*PROBLEM TO WORK ON*:
Your reply should contain the whole listing below, repeated exactly, and no images.

[SUPPLIED DATA — start]

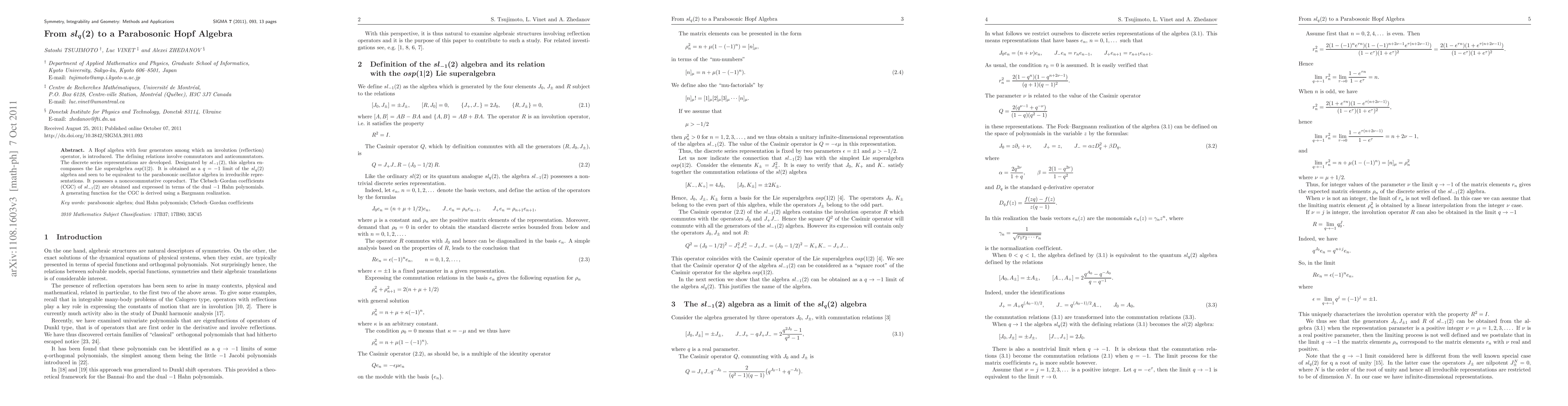 A new Hopf algebra is introduced, derived from $sl_q(2)$ as a $q=-1$ limit, with applications to the Lie superalgebra $osp(1|2)$ and equivalence to the parabosonic oscillator algebra.
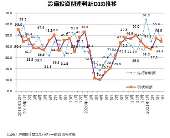 ●景気ウォッチャー調査の設備投資関連・DIの20~21年の動きをみる。20年1月の現状判断DIが52.8(回答数9人)と18年12月分の55.0以来の50超であった。当時の設備投資関連・現状判断DIからは底堅さが感じ取れるようになっていた。しかし、新型コロナウイルスの影響で現状判断DIは4月10.0(同5人)へと急落した。4月を底にその後、緊急事態宣言解除もあり、多少の上下はあったものの11月は50.0(同13人)まで持ち直した。しかし、その後は新型コロナウイルス感染再拡大の中、12月は44.4(同9人)、21年1月は39.3(同7人)、2月は37.5(同14人)と低下したあと、3月は47.5(同10人)に戻り、4月は44.4(同9人)になっている。4月のコメントには「客の設備投資意欲が増しており、案件の引き合い数は確実に増加傾向にある。(九州・金属製品製造業〔事業統括〕)」というコメントがあった。
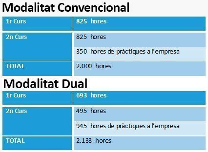 El número de horas lectivas del ciclo en las dos modalidades son las siguientes:
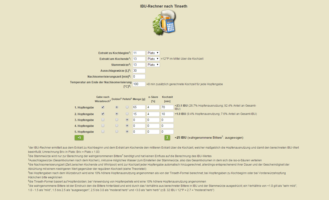 Ach ja - und nicht vergessen die Nachisomerisierungszeit mit einzubeziehen. Gerade wenn Du späte Hopfengaben machst kann das die Bittere noch beeinflussen je nach dem wie lange du vom Ende des Kochens bis zum Hopfenseihen brauchst. Bei mir ist es immer 30min und die Temperatur ist da meist noch bei etwa 90°C.

[SUPPLIED DATA — finish]

*YOUR RESPONSE*:
 A new Hopf algebra is introduced, derived from $sl_q(2)$ as a $q=-1$ limit, with applications to the Lie superalgebra $osp(1|2)$ and equivalence to the parabosonic oscillator algebra.
 ●景気ウォッチャー調査の設備投資関連・DIの20~21年の動きをみる。20年1月の現状判断DIが52.8(回答数9人)と18年12月分の55.0以来の50超であった。当時の設備投資関連・現状判断DIからは底堅さが感じ取れるようになっていた。しかし、新型コロナウイルスの影響で現状判断DIは4月10.0(同5人)へと急落した。4月を底にその後、緊急事態宣言解除もあり、多少の上下はあったものの11月は50.0(同13人)まで持ち直した。しかし、その後は新型コロナウイルス感染再拡大の中、12月は44.4(同9人)、21年1月は39.3(同7人)、2月は37.5(同14人)と低下したあと、3月は47.5(同10人)に戻り、4月は44.4(同9人)になっている。4月のコメントには「客の設備投資意欲が増しており、案件の引き合い数は確実に増加傾向にある。(九州・金属製品製造業〔事業統括〕)」というコメントがあった。
 El número de horas lectivas del ciclo en las dos modalidades son las siguientes:
 Ach ja - und nicht vergessen die Nachisomerisierungszeit mit einzubeziehen. Gerade wenn Du späte Hopfengaben machst kann das die Bittere noch beeinflussen je nach dem wie lange du vom Ende des Kochens bis zum Hopfenseihen brauchst. Bei mir ist es immer 30min und die Temperatur ist da meist noch bei etwa 90°C.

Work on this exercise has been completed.